** Description of the task **
With the pictures left out, retype exactly the lines below starting at the line that contains "Cinema Treasures tells" and ending at the line that contains "The mural brings".

** Record extracts **
------------------------------------------------

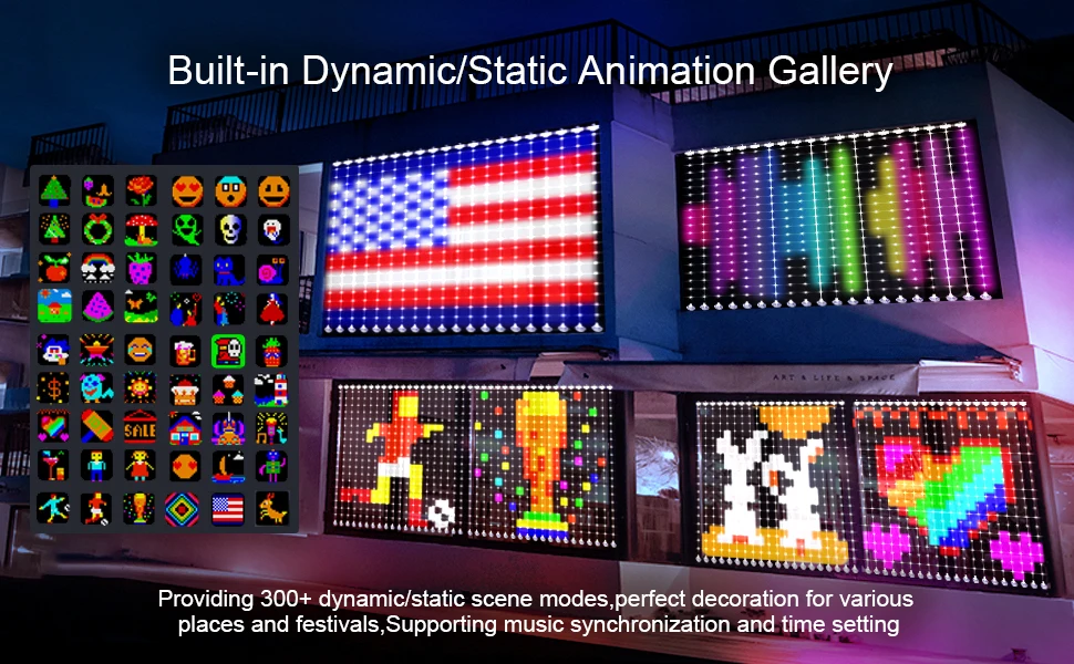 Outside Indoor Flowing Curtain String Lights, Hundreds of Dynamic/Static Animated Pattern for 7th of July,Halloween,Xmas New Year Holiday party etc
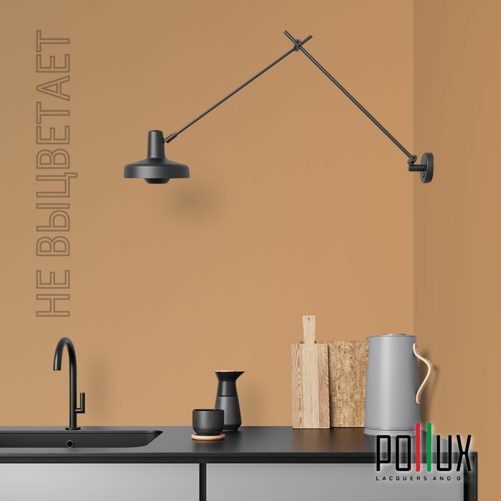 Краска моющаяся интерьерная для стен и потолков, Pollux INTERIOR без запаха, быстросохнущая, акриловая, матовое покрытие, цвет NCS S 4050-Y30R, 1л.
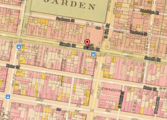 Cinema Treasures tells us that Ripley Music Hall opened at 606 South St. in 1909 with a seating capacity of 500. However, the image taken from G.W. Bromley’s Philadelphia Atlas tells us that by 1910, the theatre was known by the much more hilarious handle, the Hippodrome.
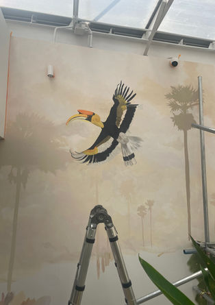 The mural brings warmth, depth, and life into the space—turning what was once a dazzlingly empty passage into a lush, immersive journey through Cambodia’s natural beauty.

------------------------------------------------

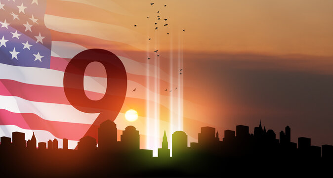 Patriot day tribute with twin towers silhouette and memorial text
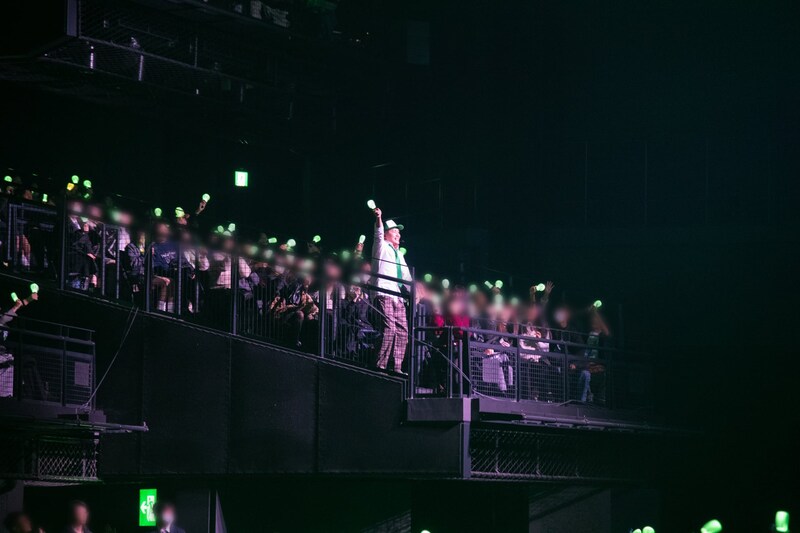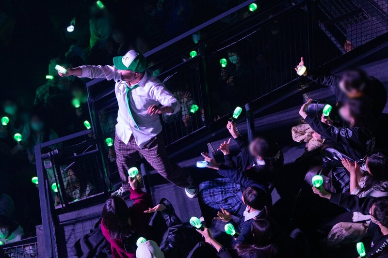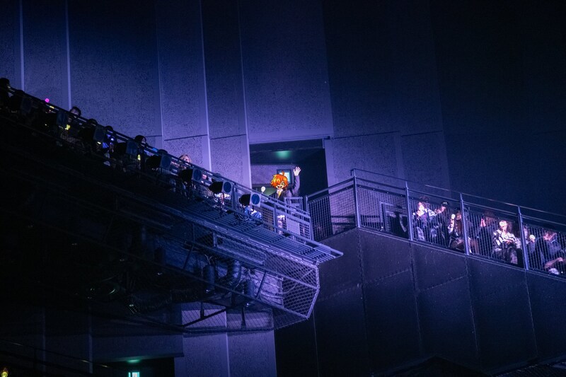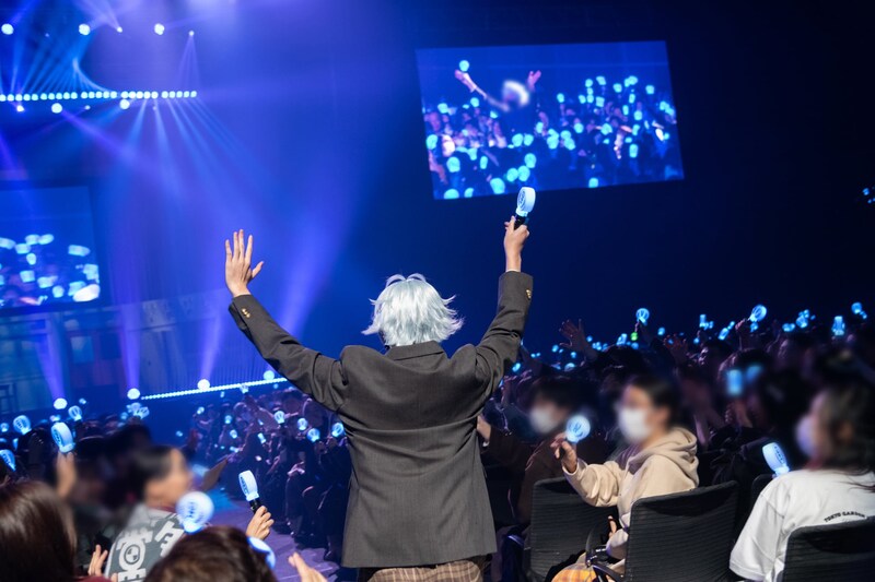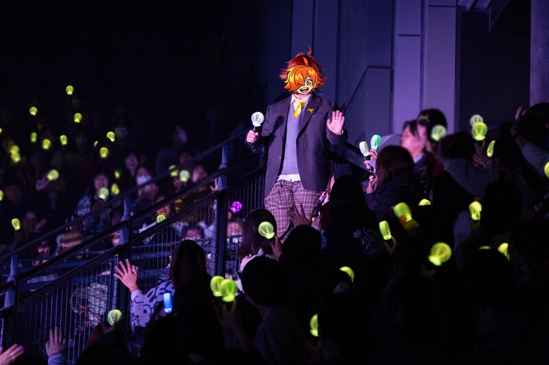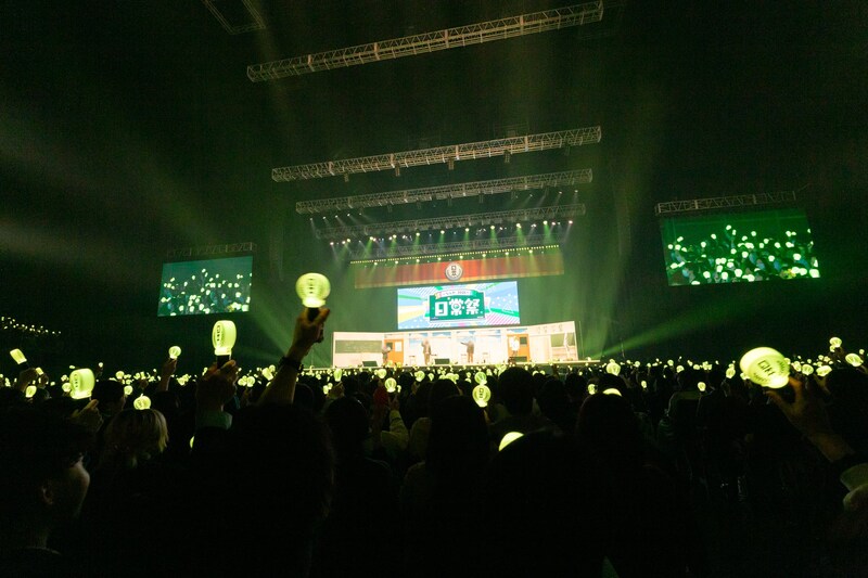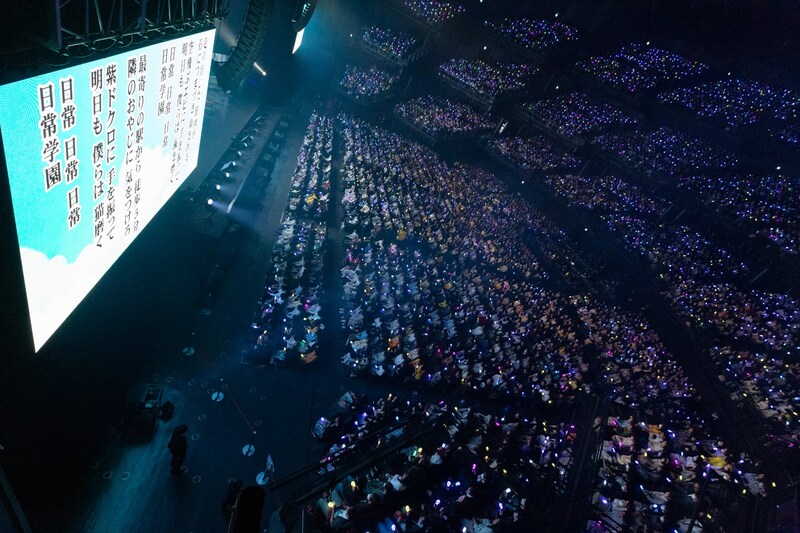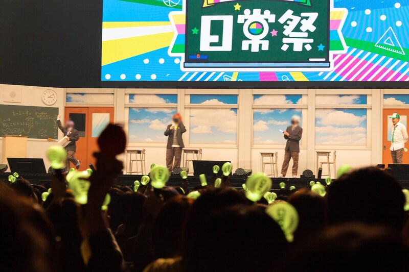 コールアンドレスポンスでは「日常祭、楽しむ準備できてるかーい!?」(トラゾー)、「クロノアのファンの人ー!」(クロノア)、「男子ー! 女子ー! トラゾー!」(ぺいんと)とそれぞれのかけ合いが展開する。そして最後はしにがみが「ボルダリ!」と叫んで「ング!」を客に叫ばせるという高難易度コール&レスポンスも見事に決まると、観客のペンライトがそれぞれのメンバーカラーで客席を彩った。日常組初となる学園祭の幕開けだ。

------------------------------------------------

** Exercise answer **
 Cinema Treasures tells us that Ripley Music Hall opened at 606 South St. in 1909 with a seating capacity of 500. However, the image taken from G.W. Bromley’s Philadelphia Atlas tells us that by 1910, the theatre was known by the much more hilarious handle, the Hippodrome.
 The mural brings warmth, depth, and life into the space—turning what was once a dazzlingly empty passage into a lush, immersive journey through Cambodia’s natural beauty.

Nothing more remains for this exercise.